▸ **TASK INPUTS**
━━━━━━━━
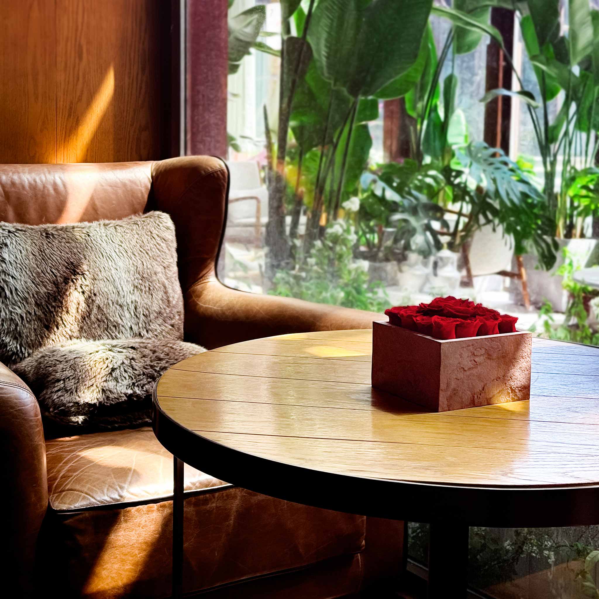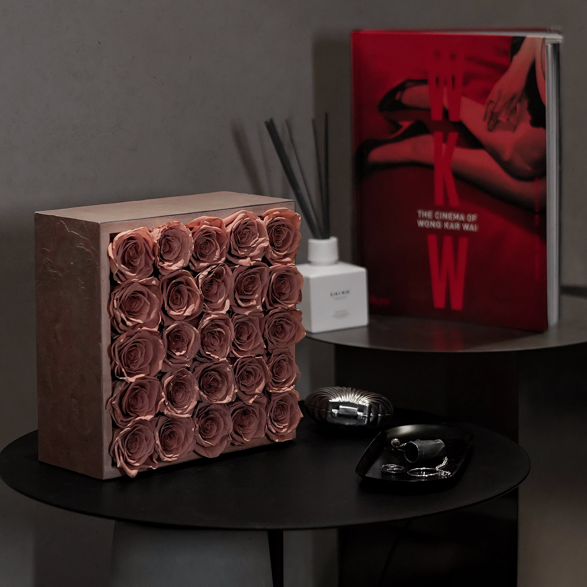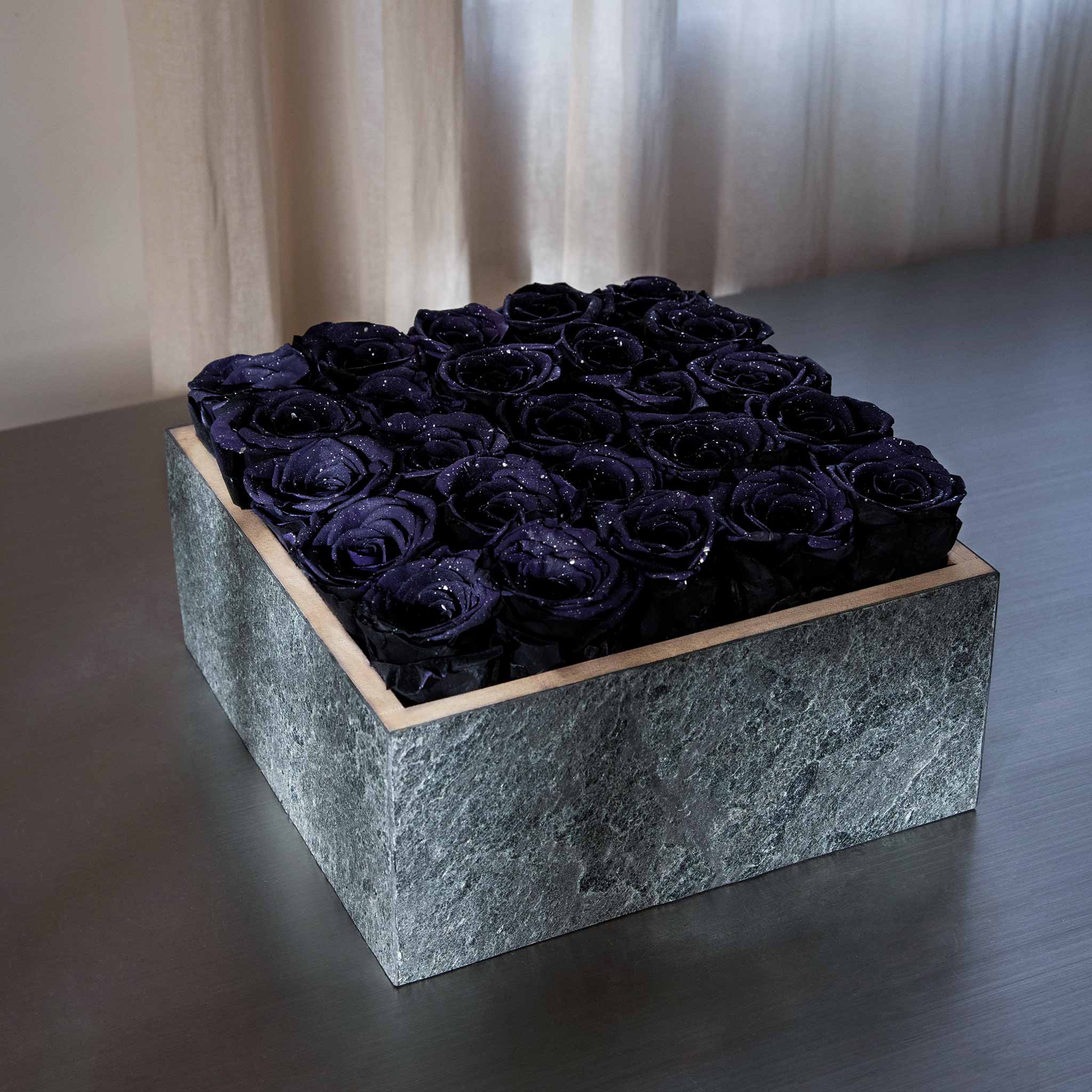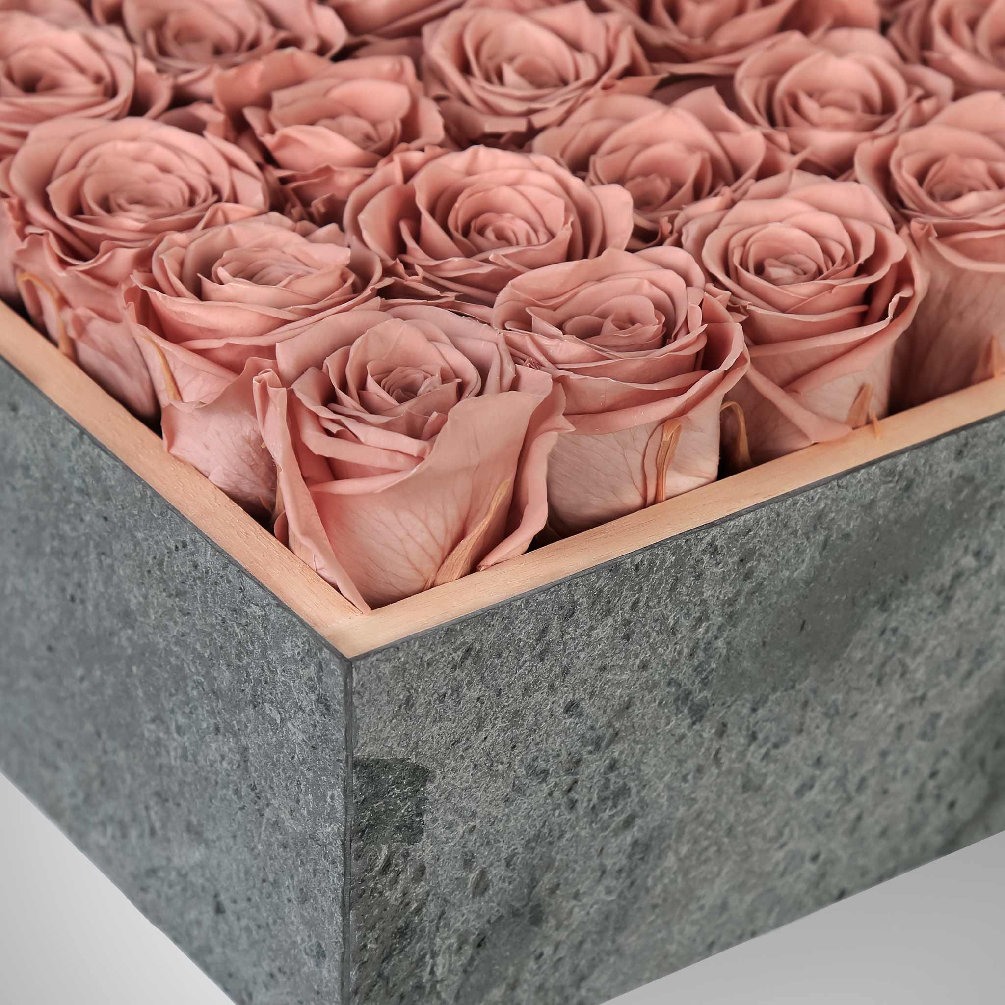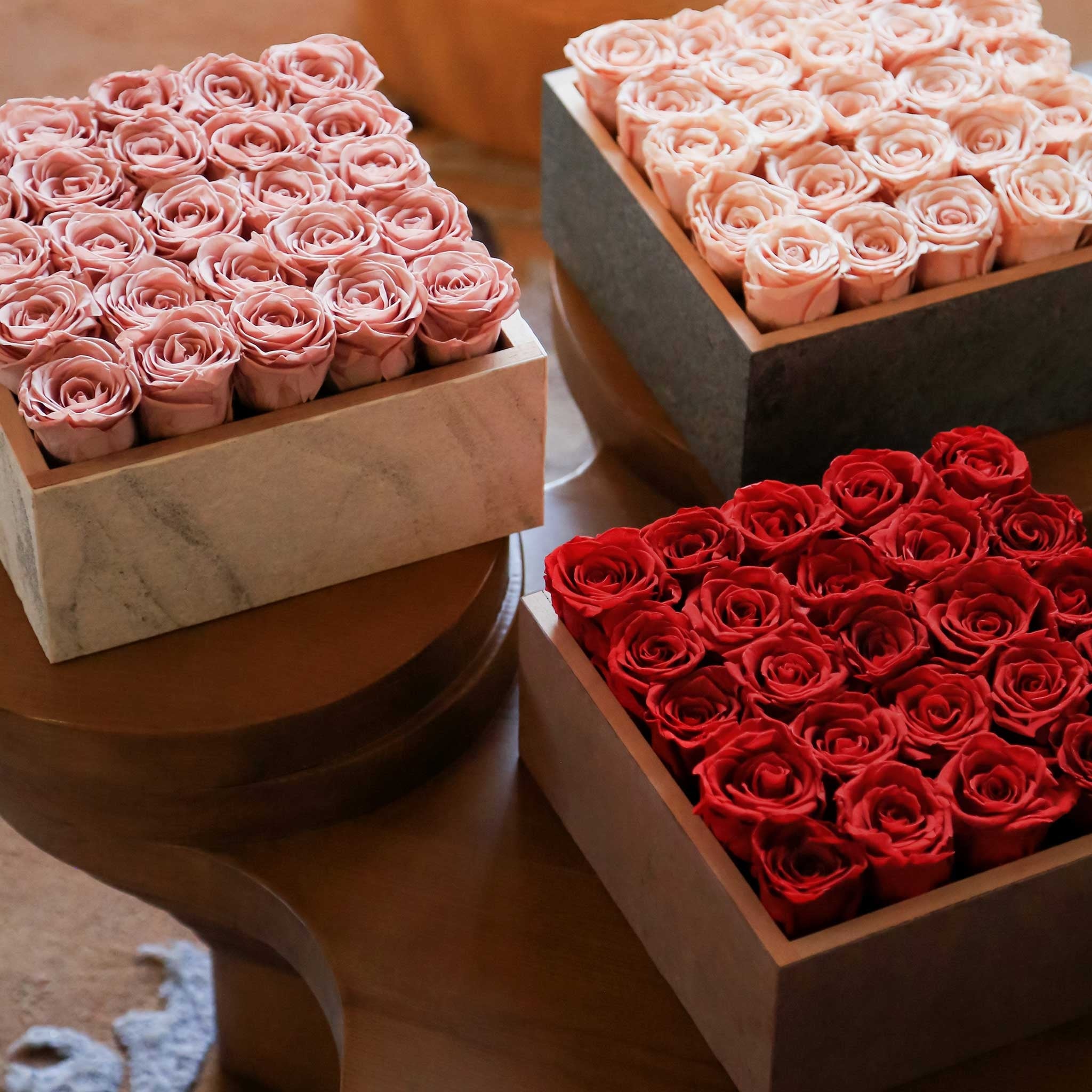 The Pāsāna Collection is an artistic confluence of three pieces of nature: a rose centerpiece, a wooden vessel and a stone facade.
━━━━━━━━
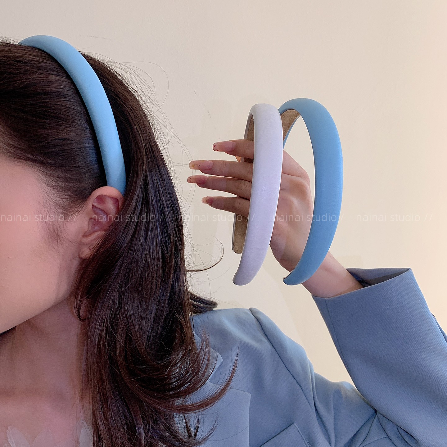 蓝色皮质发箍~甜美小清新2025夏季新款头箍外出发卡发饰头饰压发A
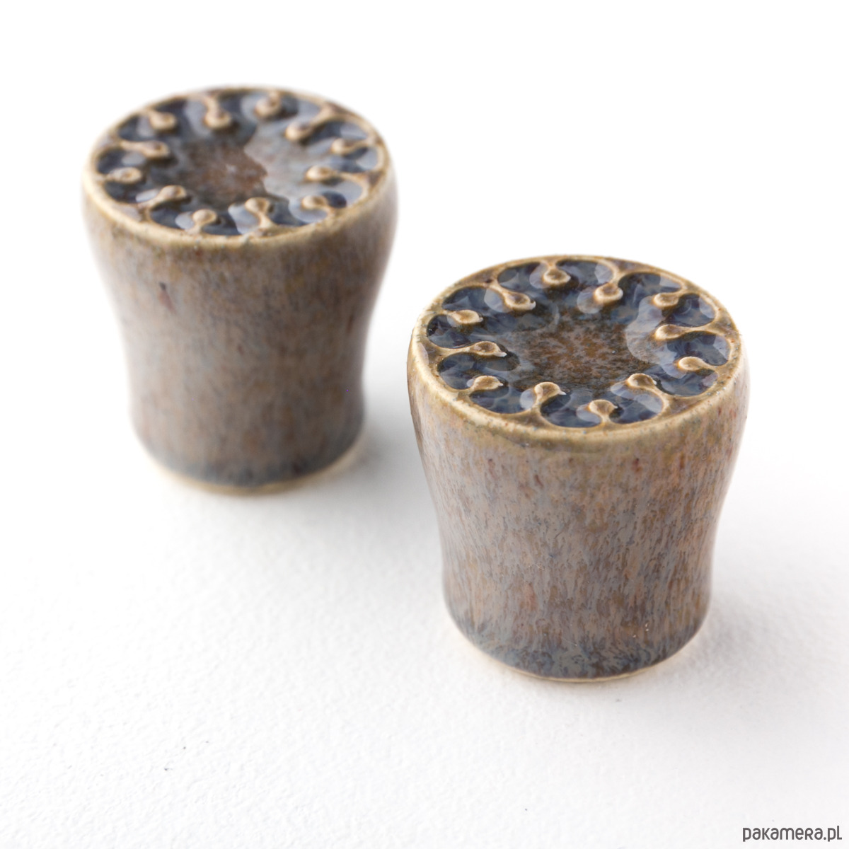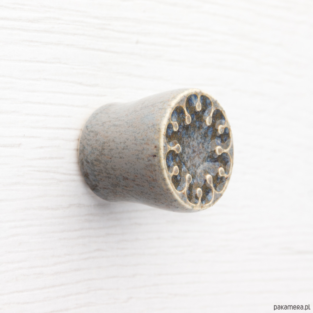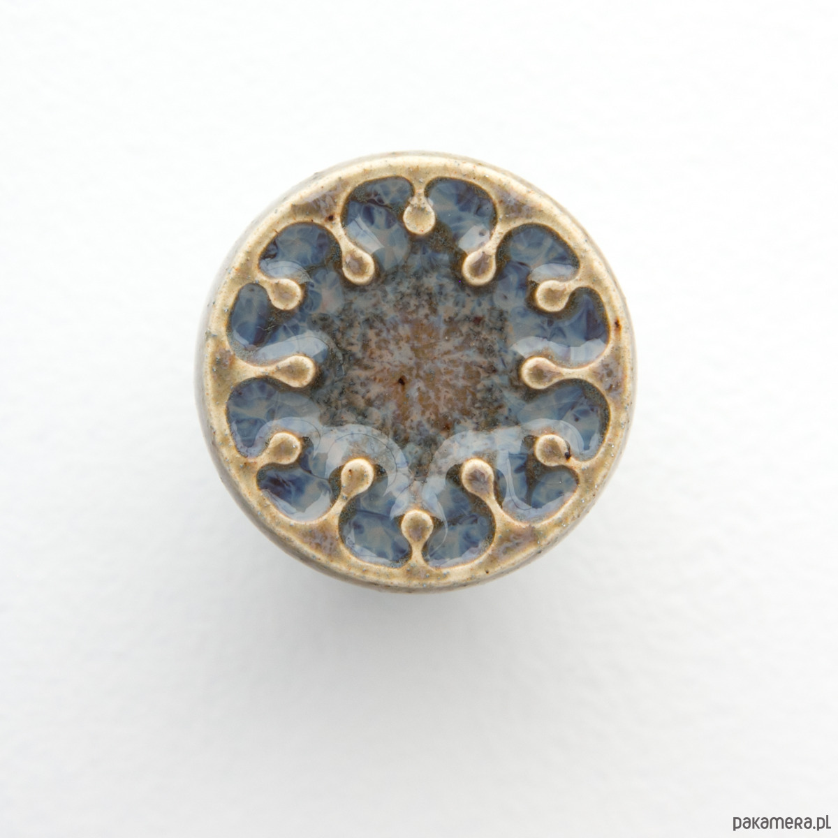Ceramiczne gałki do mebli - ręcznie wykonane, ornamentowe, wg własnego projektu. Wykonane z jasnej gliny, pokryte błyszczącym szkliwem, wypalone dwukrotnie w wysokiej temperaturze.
━━━━━━━━
▸ **PROBLEM REQUIREMENTS**
Using the data above, copy exactly the lines from the one containing "蓝色皮质发箍~甜美小清新2025夏季新款头箍外出发卡发饰头饰压发A" to the one containing "Ceramiczne gałki do", inclusive. Exclude the pictures.

▸ **COMPLETED TASK**
 蓝色皮质发箍~甜美小清新2025夏季新款头箍外出发卡发饰头饰压发A
Ceramiczne gałki do mebli - ręcznie wykonane, ornamentowe, wg własnego projektu. Wykonane z jasnej gliny, pokryte błyszczącym szkliwem, wypalone dwukrotnie w wysokiej temperaturze.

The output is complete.